“Joseph Plazo on the Dangers of Algorithmic Obedience: Who Controls the Machine?”

Inside the Asian Institute of Management, Joseph Plazo—founder of the algorithmic trading firm Plazo Sullivan Roche—broke the rhythm of praise for AI with a moment of reckoning.

From Manila, where financial optimism runs high — Plazo didn’t talk about speed or scale.

“If you hand over your portfolio to a machine,” he said, “you must ask: does it reflect your ethics—or just your ambitions?”

???? **He Built the Bot. But He’s Not Sure We’re Ready for It.**

Plazo is not new to this space. His firm’s AI systems have posted a 99% win rate across key timeframes and are in use by institutional clients across Europe and Asia.

Yet even with these results, he insists—performance isn’t the only metric.

“AI can optimise a mistake to perfection if no one stops it.”

He shared a case from the early days of the pandemic.
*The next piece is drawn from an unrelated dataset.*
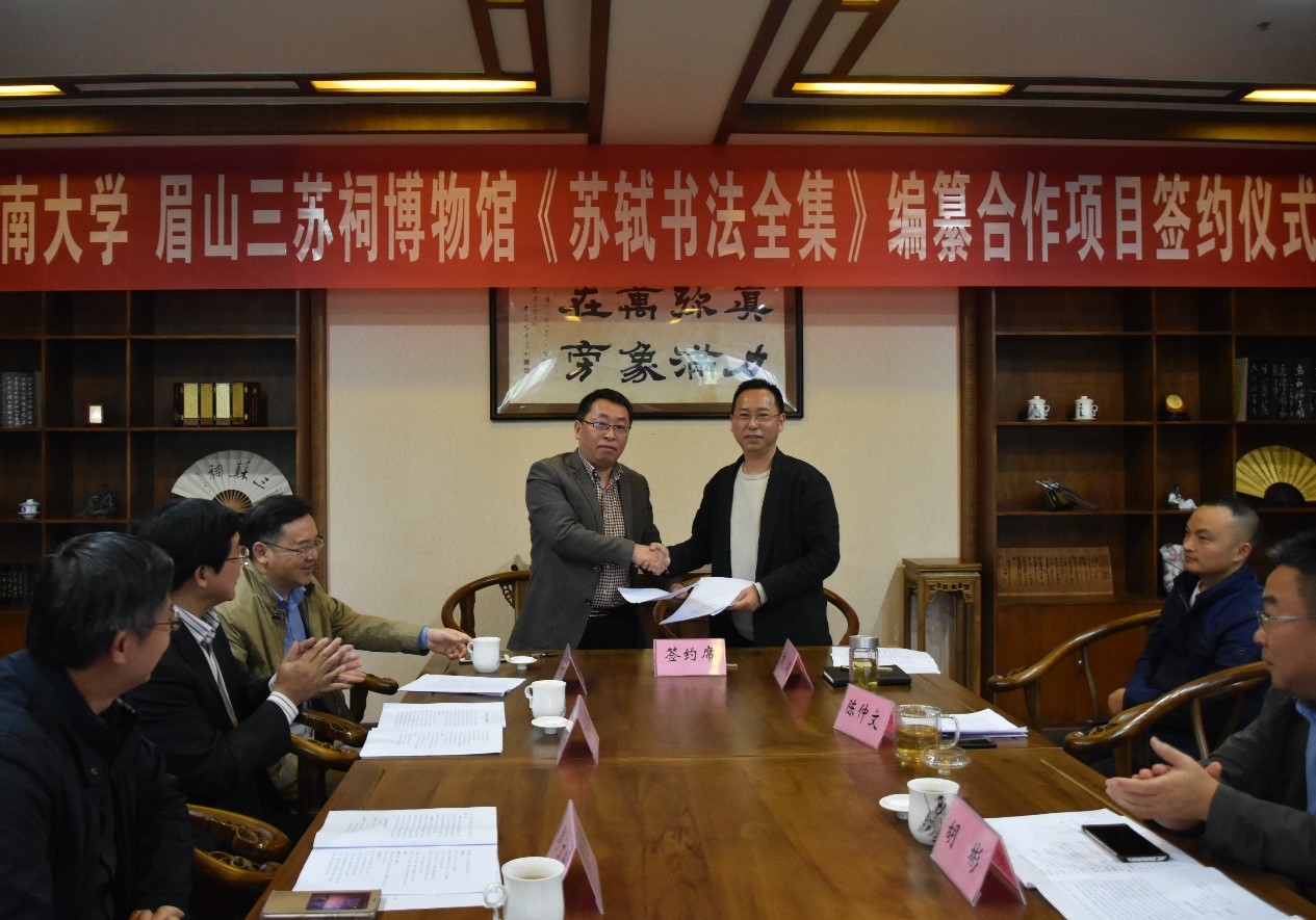 10月13日下午,由yl7703永利集团、眉山三苏祠博物馆合作的《苏轼书法全集》编纂项目签约仪式在眉山三苏祠博物馆曾枣庄会议室举行。

One of his firm’s bots flagged a short on gold just before the U.S. Federal Reserve issued an emergency policy shift.

“We overrode it. The algorithm was correct—but profoundly unaware.”

???? **Machines Act Fast. But Leadership Sometimes Waits.**

AI’s appeal lies in its instant execution. But at what cost?

“Friction is not failure,” Plazo told the audience. “It is the space where judgment lives.”

Plazo introduced a framework he calls **“Conviction Calculus”**—three questions that must be asked before executing an AI recommendation:

- Are we outsourcing our ethics to an check here equation?
- Are we listening to voices that can’t be graphed?
- Will anyone say, ‘This was my call,’ or just point at the machine?

???? **The Bigger Picture: Asia’s Tech Acceleration and the Governance Gap**

Across Asia, nations are investing heavily in fintech and AI-driven innovation. From Singapore to South Korea, the push toward automation is framed as economic strategy.

But Plazo’s question cuts deeper: “We’re scaling faster than we’re thinking.”

He referenced multiple AI-driven losses in the past year.

“It was failure by design—because no one was allowed to stop it.”

???? **Plazo’s Vision: Trading Systems with Moral Intelligence**

Plazo is not anti-AI. He’s pro-responsibility.

His firm is developing what he calls **“narrative-integrated AI”**—models that factor in geopolitics, tone, and social context alongside market data.

“Machines that don’t just predict, but understand.”

That idea is already drawing attention.

One investor called Plazo’s talk:

“A blueprint for ethical AI in an unequal world.”

???? **The Collapse That Could Begin in Silence**

Plazo ended with a thought that may echo across boardrooms:

“We won’t be victims of chaos—but of unchecked confidence.”

No dramatic flourish. Just clarity.

Because when machines take over the trades, someone must still own the consequences.